§ **EXERCISE DIRECTIONS**:
Quote from the first line below through the line that contains "j'ai prévu un", both included, and leave the pictures out.

§ **DATASET EXTRACT**:
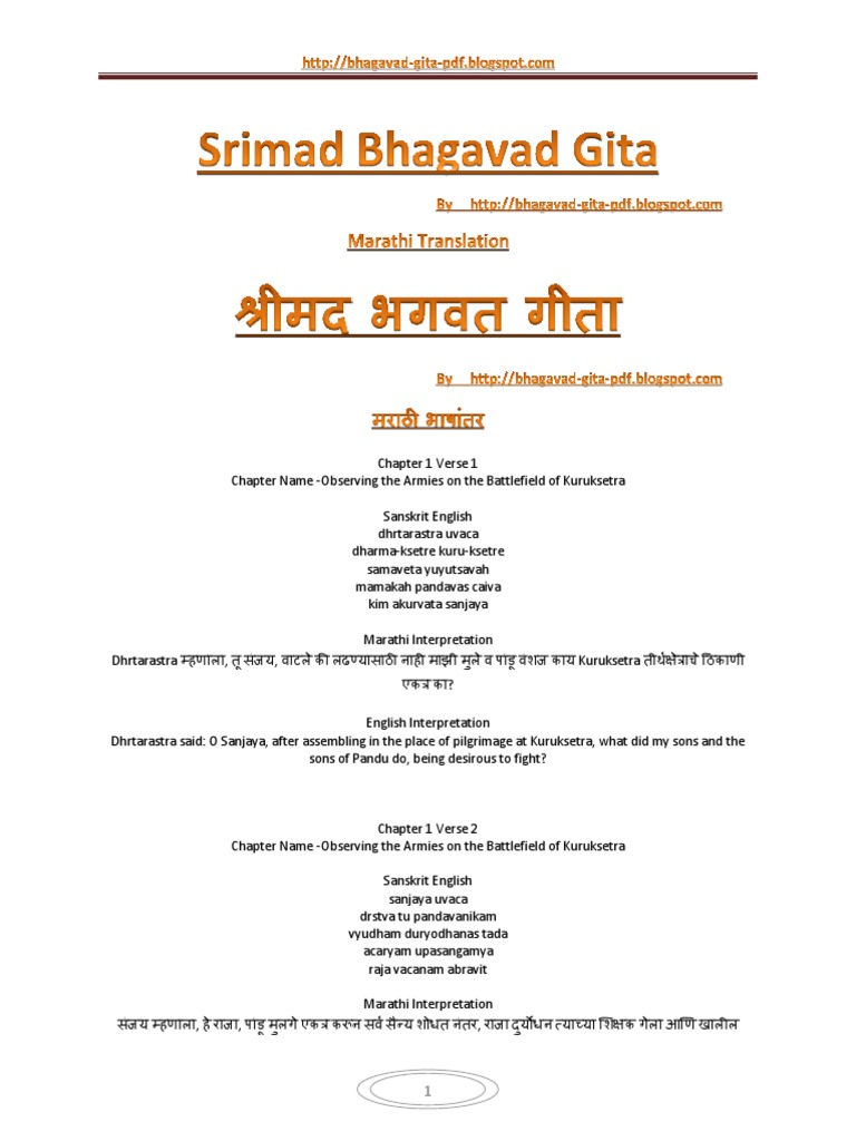 Download Bhagavad Gita In Marathi Pdf Bhagavad Gita
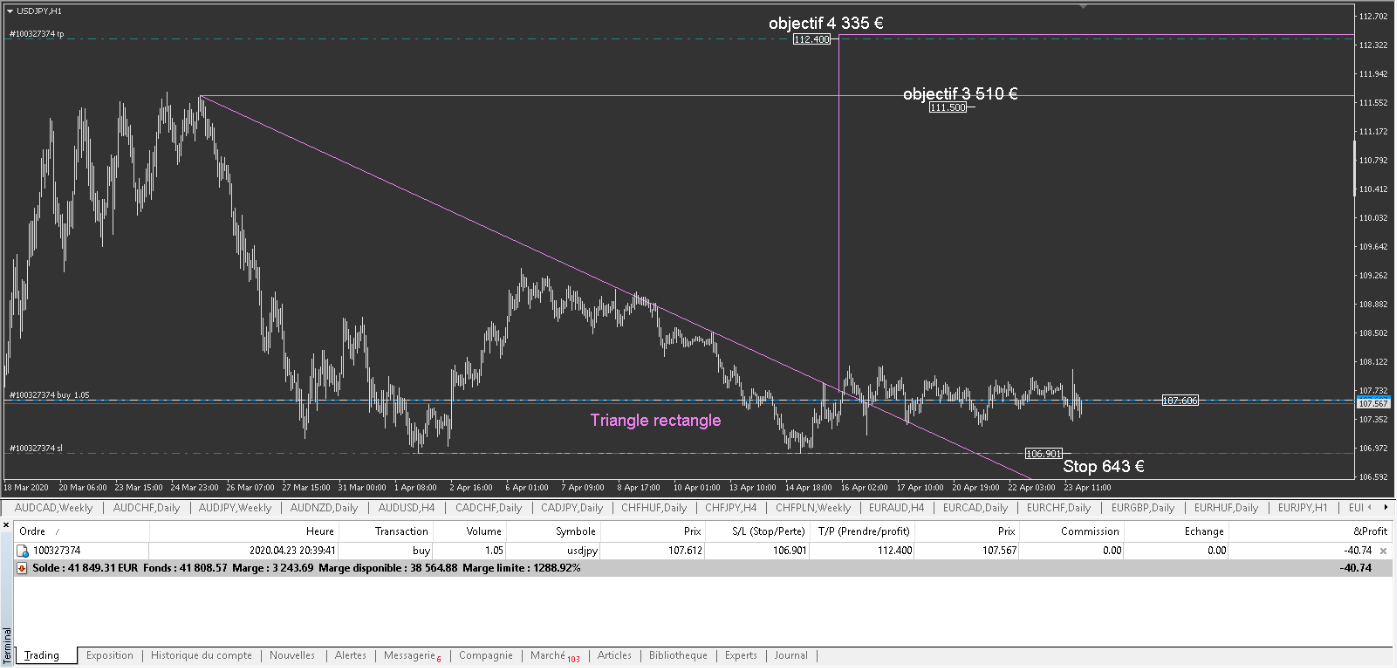 j'ai prévu un ordre d'achat différé si cela se produit. un triangle symétrique H4 à été cassé à la hausse
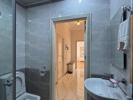 Kristal Abşeronun Park Xırdalan Layihəsi, Bina 26 (MANQAL'da Restoranının binası)! Bina yenidir, 2023-cü ildə istifadəyə verilib. Qanuni 2 otaq, gözəl görünüşlü, işıqlı, səs-küydən uzaq mərtəbə (bu binalarda 1-dən 5-ci mərtəbəyə qədər mənzillərin qiyməti daha ucuzdur), orta (künc deyil), çox səliqəli və yeni mənzil, otaqların və mətbəxin pəncərəsi binanın ön hissəsinə-həyətə baxır, plastiklə bağlanmış balkon. Tam yeni mebellə təchiz olunmuş (qonaq, yataq, mətbəx, dəhliz (dolab yığılıb), tam yeni əşyalı (qara rəngli no frost soyuducu, paltaryuyan, qabyuyan, quraşdırılan soba, kondisioner, TV (hamısı yeni quraşdırılıb, zəmanərlidir)), yeni çılçıraqlar, WİFİ, kombi və s. Tam təmirli (yeri parket, hamam otağı və dəhliz isti pol), 24 saat mühafizə xidməti, domofon sistemi, geniş parklı həyəti, yerüstü və yeraltı qarajı, sürətli 2 lifti ( sərnişin və yük üçün), mərkəzdə bütün infrastruktura yaxın (dayanacaq və parkın yanında, bağça və məktəbin yaxınlığında). Onu da qeyd edim ki, mənzilin qapıları və dəhlizin metlaxı digər mənzillərdən fərqlidir və zövqə uyğun alınıb, təmir olunub. Öz mənzilimizdir, çıxarış (kupça) adımızadır, mənzil şəkillərdə görünən bütün əşyalarla (elektronika daxil) birgə satılır. Real alıcıya mənzilə baxdıqdan sonra ağılabatan endirim olunacaq inşəAllah.

§ **RESPONSE**:
 Download Bhagavad Gita In Marathi Pdf Bhagavad Gita
 j'ai prévu un ordre d'achat différé si cela se produit. un triangle symétrique H4 à été cassé à la hausse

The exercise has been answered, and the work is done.